Heavy-element Accretion by Proto-Jupiter in a Massive Planetesimal Disk, Revisited

TL;DR

This study uses N-body simulations to explore how proto-Jupiter accreted heavy elements from a massive planetesimal disk, revealing that dynamical interactions significantly influence accretion efficiency and planetary metallicity.

Contribution

It provides detailed N-body simulation results showing the impact of embryo scattering on planetesimal accretion, challenging semi-analytical models and emphasizing the importance of dynamical evolution in planetary formation.

Findings

Proto-Jupiter can capture 2-18 Earth masses of planetesimals.

Scattering from embryos reduces accretion efficiency.

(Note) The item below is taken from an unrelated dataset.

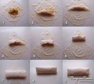 adicione o amido e cozinhe até obter um molho brilhante e cremoso. Montagem dos rolinhos primavera:

Semi-analytical models fail to reproduce N-body results under high eccentricity and inclination.

Abstract

Planetesimal accretion is a key source for heavy-element enrichment in giant planets. It has been suggested that Jupiter's enriched envelope is a result of planetesimal accretion during its growth assuming it formed in a massive planetesimal disk. In this study, we simulate Jupiter's formation in this scenario. We assume in-situ formation and perform N-body simulations to infer the solid accretion rate. We find that tens-Earth masses of planetesimals can be captured by proto-Jupiter during the rapid gas accretion phase. However, if several embryos are formed near Jupiter's core, which is an expected outcome in the case of a massive planetesimal disk, scattering from the embryos increases the eccentricity and inclination of planetesimals and therefore significantly reduces the accretion efficiency. We also compare our results with published semi-analytical models and show that these models cannot reproduce the N-body simulations especially when the planetesimal disk has a large eccentricity and inclination. We show that when the dynamical evolution of planetesimals is carefully modelled, the total mass of captured planetesimals $M_\mathrm{cap,tot}$ is $2 M_\oplus \lesssim M_\mathrm{cap,tot}\lesssim 18 M_\oplus$. The metallicity of Jupiter's envelope can be explained by the planetesimal accretion in our massive disk model despite the low accretion efficiency coming from the high eccentricity and inclination of planetesimals. Our study demonstrates the importance of detailed modelling of planetesimal accretion during the planetary growth and its implications to the heavy-element mass in gaseous planets.